CREATE_ALLOCATOR(A, X(x) X(y))
#include "create_allocator_helper.h"
CREATE_ALLOCATOR(B, X(w) X(y) X(z))
辅助头文件定义并推送CREATE_ALLOCATOR
宏使用的一些X宏定义:
#ifdef X
#undef X
#endif
#define X(A) ; sp->A = p; p = sp->A + n
#pragma push_macro("X")
#undef X
#define X(A) + sizeof(sp->A)
#pragma push_macro("X")
#undef X
答案 1 :(得分:1)
如果在编译时知道可能n
的集合,可以让每个(成员集)/(数组大小)组合成为它自己的类型,并使用方便的宏来引用正确的。
#include <stddef.h>
/*
We put a type marker at the beginning of each struct. There won't be padding before the first member, and all the types
start with a struct Type, so we can do `(struct Type*)&unknown_structure` and be guaranteed to have a valid object that
tells us what type the rest of it is.
In practice, I'd probably use X-Macros to generate an enum containing all the types instead of using strings, to
make comparison faster
*/
struct Type { char *type; size_t n; };
/* We define what types of arrays each structure contains.

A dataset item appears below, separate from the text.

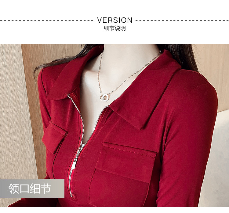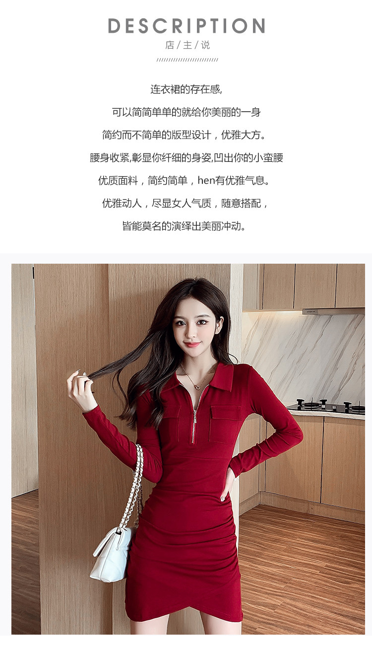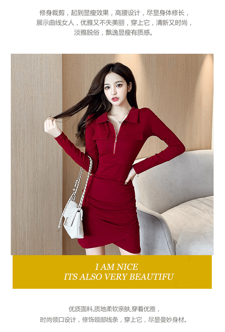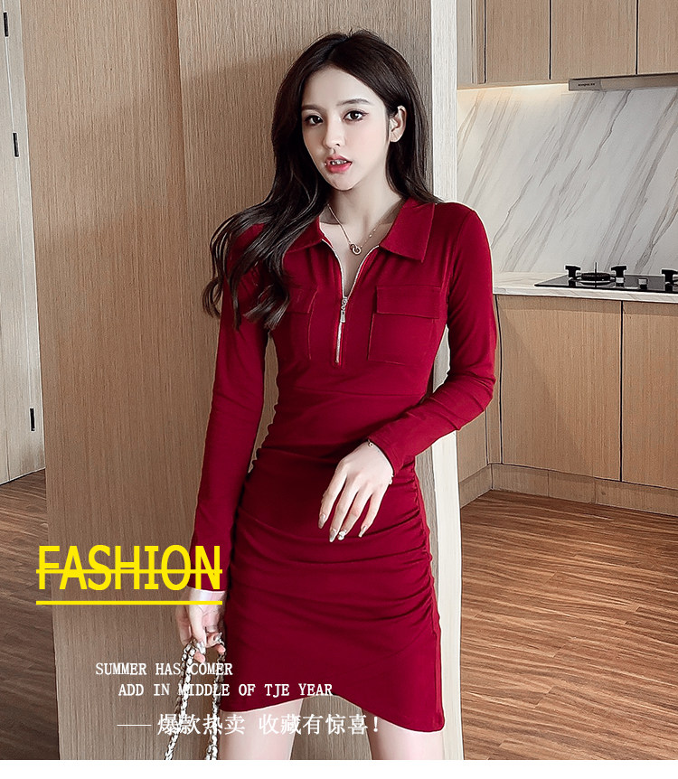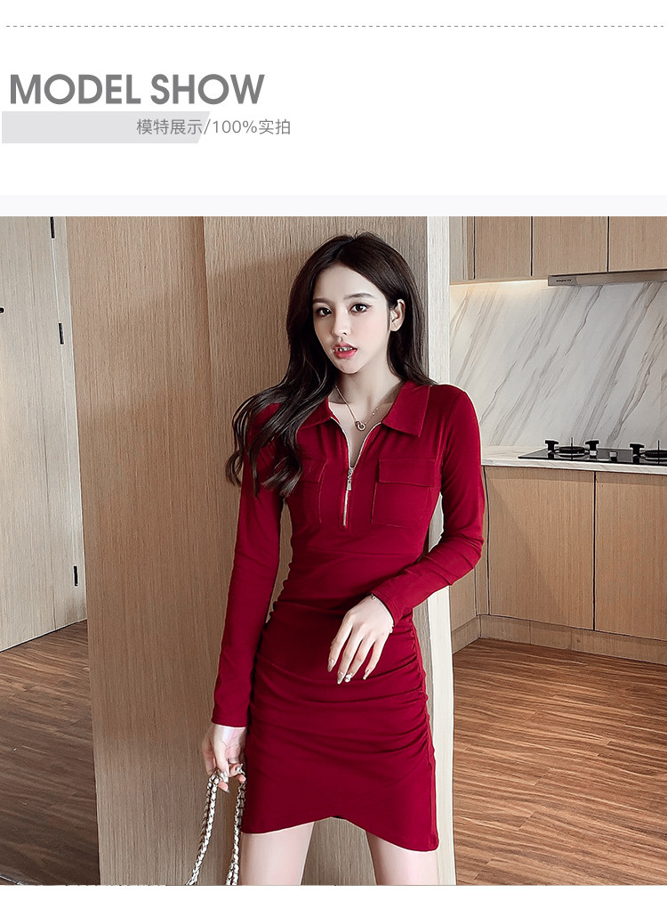 Весеннее платье с молнией, 2023, городской стиль, яркий броский стиль, облегающий крой, воротник поло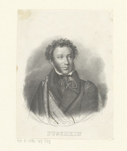 Curator: Here we have a graphite and pencil drawing from between 1822 and 1845; a portrait of Alexander Sergejewitsch Puschkin, attributed to an anonymous artist. It's currently held in the collection of the Rijksmuseum. Editor: It's striking, isn’t it? There's a real immediacy to the line work that suggests a direct engagement with the sitter. I'm interested in the type of paper used, its texture feels almost woven. Curator: Indeed. This was created during the Romantic period. Puschkin, himself, embodied a Romantic ideal. Let’s think about the implications of representing a literary figure in this way. The drawing acts as a form of cultural capital. Puschkin's words, of course, challenged existing structures of power, particularly serfdom and political oppression. His image here also serves as an ideological touchstone, both affirming and solidifying his place in Russian intellectual history. Editor: Considering the timeframe, the access to high-quality paper and graphite would have been limited to certain social strata, reinforcing a social structure within the material itself. The very act of creating this image, of consuming such refined material, signifies privilege and suggests the drawing served the purpose of honoring Pushkin within a specific, probably elite, circle. Was it commissioned? Assembled for mass production later in print form, which looks likely? How were these choices made in that context? Curator: Good questions. And consider, the artist’s anonymity in this case could suggest that the politics surrounding Puschkin’s image were already complicated. Identifying the hand, as it were, might have carried implications for both artist and sitter. In representing Pushkin in this form, were they aligned in any sociopolitical agenda? This brings up important dialogues on the politics of artistic labor. Editor: Precisely. Let's not ignore the labour of paper making in that period either. I find myself pulled back to thinking about the graphite too; the source, refinement, trade networks, and the journey to become a tool wielded to capture an image. These processes echo throughout the drawing, and the act of memorialization, in its particular period. Curator: It’s important to explore how his portrait becomes more than just a representation; it transforms into an assertion of identity within shifting political and social sands. Editor: Ultimately, through this drawing, we're looking at how representation can be formed by, and formative of, socioeconomic and historical processes. It invites you to view all those tensions simultaneously.

Since the struct contains the arrays themselves
instead of pointers to them, the memory will be contiguous, +/- a bit of padding. */
#define DECL_A(N) struct A_##N { struct Type type; char x[N]; double y[N]; }
#define DECL_B(N) struct B_##N { struct Type type; size_t n; int x[N]; float y[N]; char z[N]; }
/*
Declare a struct and initialize the type and n members. This one just
declares a local variable, but we could make a malloc version easily enough.
*/
#define CREATE_STRUCT(NAME, TYPE, N) struct TYPE##_##N NAME = { .type = { #TYPE, N} }
/* We declare all struct type/size combinations we'll use */
DECL_A(42);
DECL_A(100);
DECL_B(30);
int main(void) {
int i;
CREATE_STRUCT(foo, A, 42);
CREATE_STRUCT(bar, A, 100);
CREATE_STRUCT(baz, B, 30);
return 0;
}
答案 2 :(得分:0)
这是一种在编译时不需要n
的替代方案。
请注意,我并非完全确定此合法性,但我是
合理地确定它是有效的。这里的关键思想是,如果p
指向a
正确对齐类型T
的内存块,然后((char*)p) + sizeof(T) * N
也必须指向
只要它落在一个已分配的块内,就可以正确对齐内存。
只要这是真的,我很确定这必然是合法的,因为工会
buffer
和Alignment_Hack
保证buffer[0]
适合所有类型。
即使它是合法的,它仍然是一个黑客,所以我不完全确定我推荐它,但它和&# #39;是一个潜在的选择。
#include <stdlib.h>
#include <stdio.h>
#include <assert.h>
/* This MUST contain all types that might be stored in the arrays */
union Alignment_Hack {
short hd;
int d;
char c;
float hf;
double f;
};
/* This struct is used for *all* structures. The structure-specific details get specified later */
struct Variable_Structure {
size_t num_arrays;
void **arrays;
union {
union Alignment_Hack *hack;
char *buffer;
} u; //u.buffer[0] is guaranteed to be properly aligned for anything in the union
};
//Here's where the details for a specific struct (struct A {short x; double y; int z; }) are specified.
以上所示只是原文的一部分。